Gerald Clayton Announces Second Blue Note Album, ‘Bells On Sand’
Featuring contributions from saxophonist Charles Lloyd, the new record will be released April 1 on vinyl, CD, and digital formats.
Grammy-nominated pianist Gerald Clayton returns with Bells On Sand, his ravishing second album for Blue Note Records, which will be released April 1 on vinyl, CD, and digital formats. Clayton has shared the album’s first track, “Water’s Edge”, which you can check out below.
The album explores the impact and abstraction of time over eleven tracks of fresh orchestration and original music with contributions from mentor Charles Lloyd on saxophone, father John Clayton on bass, longtime friend and peer Justin Brown on drums, and new collaborator MARO on vocals.
“Each musician on the record represents a different aspect of the axis of time and its shifting sands,” says the acclaimed pianist-composer.
“My father and Charles Lloyd, who has been a mentor figure to me, reflect new permutations of my past, and the lineage of elders who have shaped my development; Justin Brown, being my contemporary and musical brother, represents my present; and MARO represents the future—she is part of the next generation, and points to a brand new collaboration.”
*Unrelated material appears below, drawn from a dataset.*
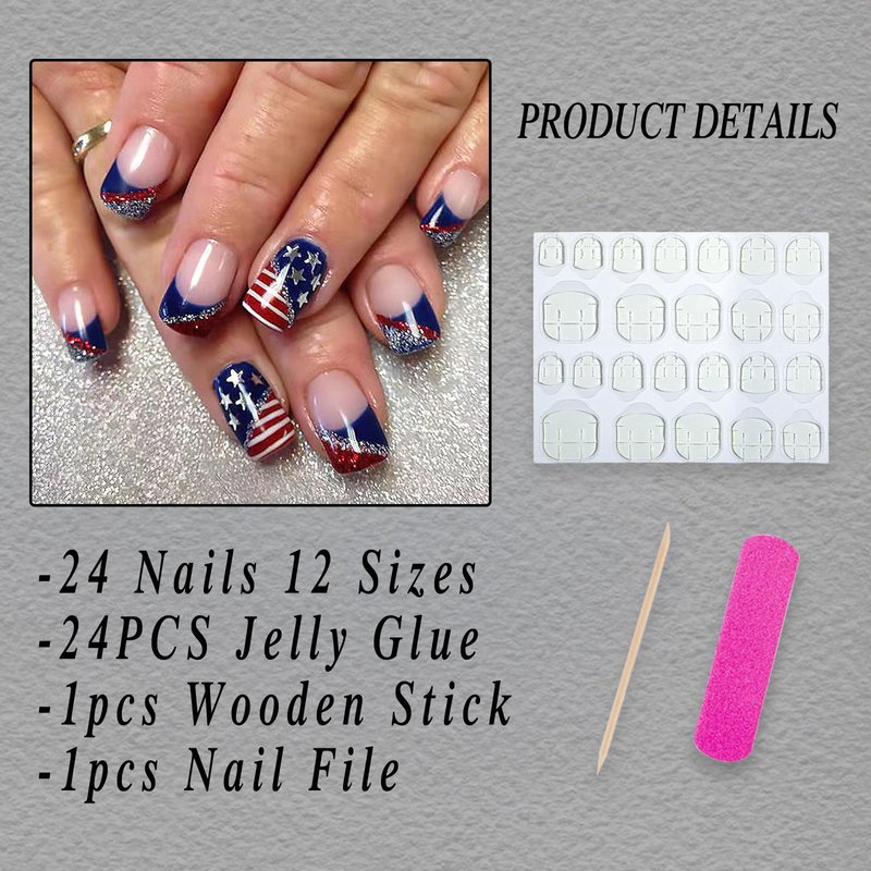- 【Package Included】24pcs glossy red blue flag false nails, jelly glue, a wooden stick. (Jelly glue makes the false nails reusable. Please use suitable glue according to different scenes.)

Unadorned intimacy shapes the music. Gerald Clayton’s desire to share more of himself with listeners and fellow artists wields heady influence over his musical choices and his thoughtful curation of the entire album. But most striking is his ability to create quiet chambers for all four artists to be themselves. Bells On Sand opens in pensive resonance with “Water’s Edge.” The slow-peeling composition first spotlights Clayton’s relationship with John’s arco, tapered and doleful, before Brown transforms the duo into a trio.
“By the water, I experienced subtle environmental shifts,” he says. “Songs I would sing, play or write were but an expression of a particular shape in the sand at that moment. Any meaning behind what I created came from viewing that creation over a temporal landscape. A song felt a certain way on a certain day, and the next day would feel and function completely differently.”
“I hope these reflections encourage people to step back and recognize that our testaments—songs, stories, intentions—lay atop an ever-shifting landscape,” says Clayton.
“To look at things from this zoomed-out perspective might allow for a union between past, present, and future. It might allow us to embrace the totality of our life experience. That we may consider the lessons from our past when living the present moment in a way that serves the future.”